• [Given information]:
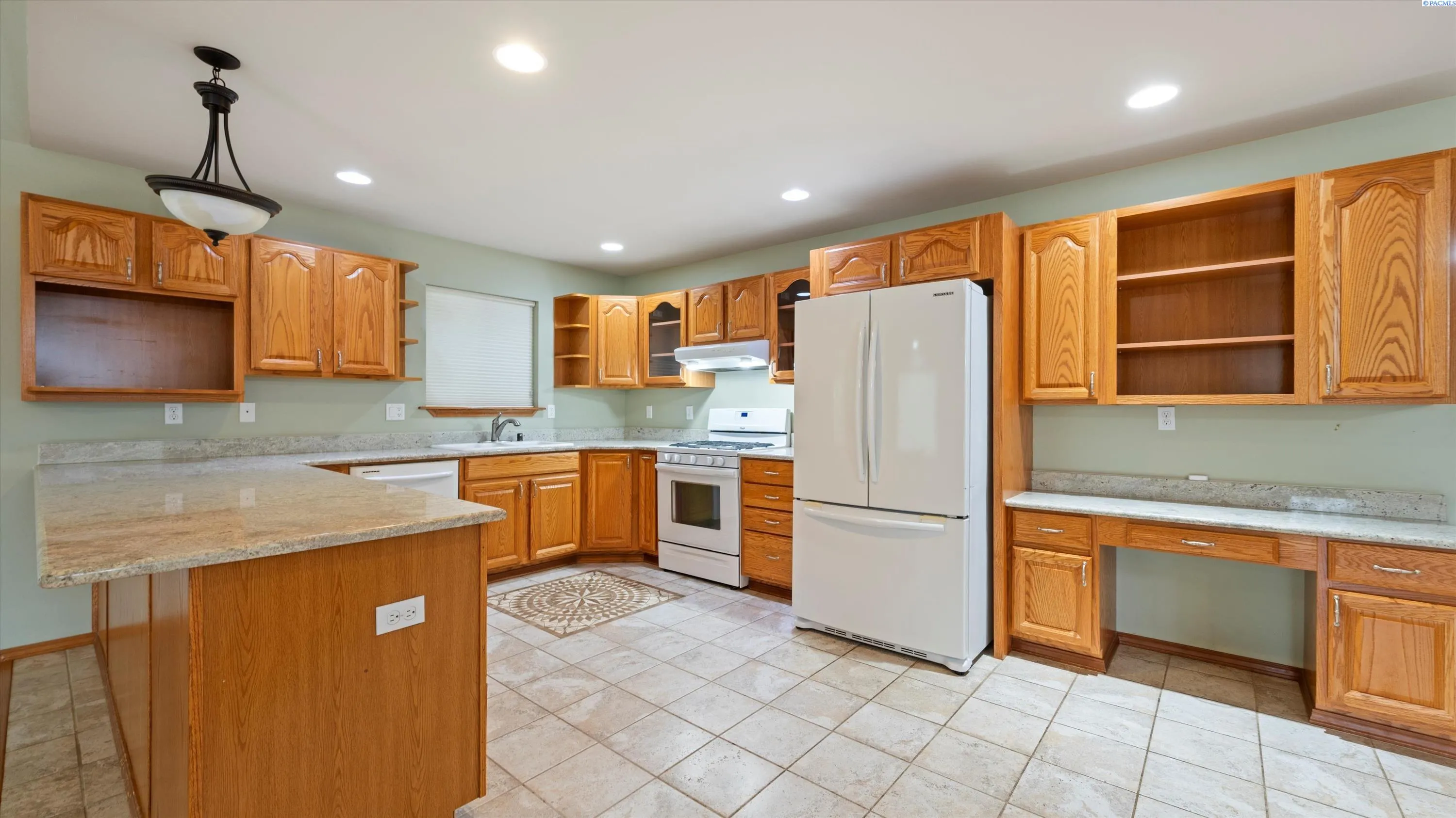MLS# 287868 Estate Sale. Two Homes sit on 1.18 ac. The main existing home was built in 2010. The old home was lost in a fire. A well kept main home has a open floor plan. Kitchen has granite counter tops, cabinets with pull-outs and spice rack, 2 lazy Susan’s, natural gas oven/range, drawer w/ garbage compartment and a large pantry, also a built-in desk w/ storage for paper work. Great room has a natural gas fire place & plenty of room for setting, also a slider for access to the out door deck. 3 bed rooms, plus a office or could be used as another bed room. Tile & Vinyl plank flooring. Large utility room & sink and storage closet. 2nd home can be used as a mother In-law quarters, craft studio, or what ever meets you needs. (Seller used it as a day care center.) Has a open floor plan w/ vaulted ceiling, kitchenette & bath room w/ shower bed room w/ closet. A 2 car garage has a loft w/ attached 2 car carport, also a green shed near the pasture. Park like back yard and covered deck perfect to watch the beautiful sun sets. UG timed Sprinkles around the home and above sprinkles in the pasture. Kid Irrigation
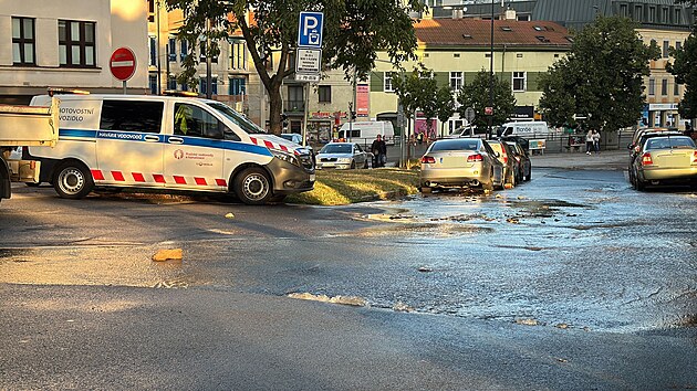 Havárie vody poškodila komunikaci u Úřadu městské části Praha 8. (29. července 2025)
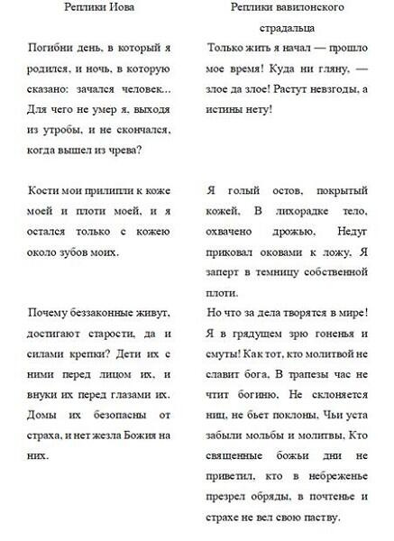 Как мы видим, ряд реплик Иова представляют собой более сложные трансформации фраз вавилонского страдальца. Это не единственные совпадения, и при необходимости можно найти их куда больше.
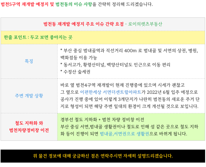 범천5구역 재개발에 궁금하신 사항은 연락주시면 자세히 설명드리겠습니다.
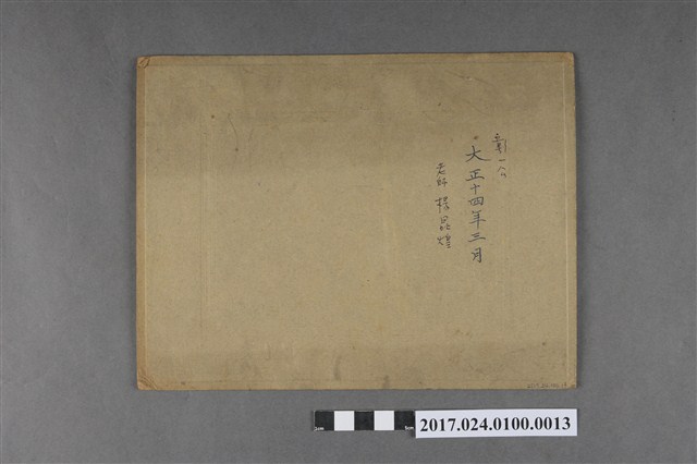 本文物拍攝於大正14年(1925),為楊昆煌任職於彰化第一公學校時期,與學生的合影,楊昆煌為前排中央戴著帽子的。照片中的學生皆為男性,且前排學生大多沒穿鞋。照片右下印有「京都紫田謹寫」,背面寫有「彰一公」、「大正十四年三月」、「老師楊昆煌」等字。(撰稿人:曾國棟)
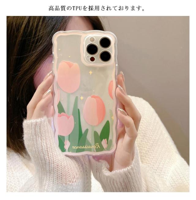 スマホケース iphone15 Plus Promax なみなみケース ウェーブケース シリコン チューリップ 花柄 うねうね 透明 カバー シンプル iphone14 plus iphone13pro max iphone13 iphone13pro 送料無料
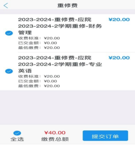 (4)勾选要进行缴费的项目,确认缴费金额,提交订单。
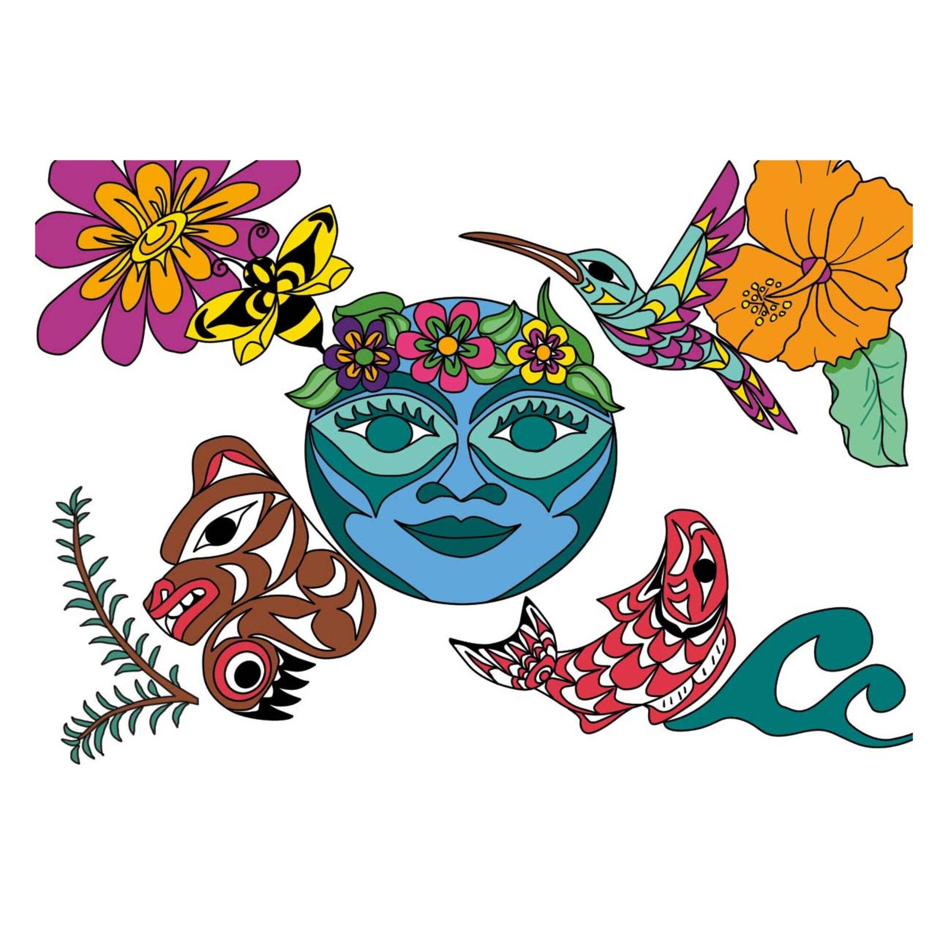 Angela grew up in Victoria, BC often helping her father with his work, painting carvings and totems. Growing up surrounded by such art inspired her to create her own designs, a contemporary style of Coast Salish art. Angela prefers to draw free hand and can be found painting on canvases and wood.
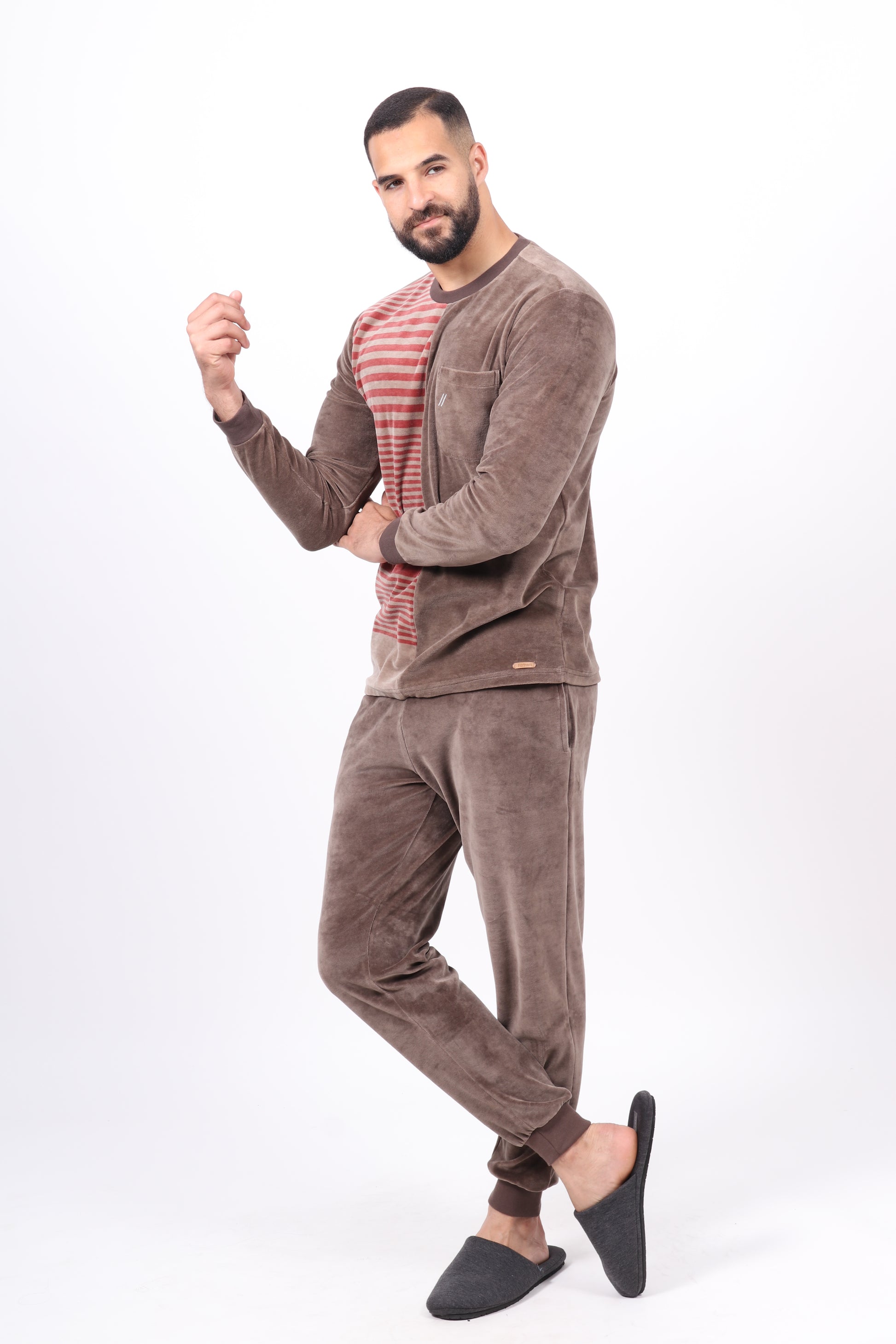 - Pull col rond boutonné à manches longues et poche sur la poitrine.

• [Exercise brief]: Without the pictures, set down the lines above from the line with "本文物拍攝於大正14年(19" up to and including the line with "(4)勾选要进行缴费的项目,确认缴费金额,提交订单。" exactly as they stand.

• [Task output]:
 本文物拍攝於大正14年(1925),為楊昆煌任職於彰化第一公學校時期,與學生的合影,楊昆煌為前排中央戴著帽子的。照片中的學生皆為男性,且前排學生大多沒穿鞋。照片右下印有「京都紫田謹寫」,背面寫有「彰一公」、「大正十四年三月」、「老師楊昆煌」等字。(撰稿人:曾國棟)
 スマホケース iphone15 Plus Promax なみなみケース ウェーブケース シリコン チューリップ 花柄 うねうね 透明 カバー シンプル iphone14 plus iphone13pro max iphone13 iphone13pro 送料無料
 (4)勾选要进行缴费的项目,确认缴费金额,提交订单。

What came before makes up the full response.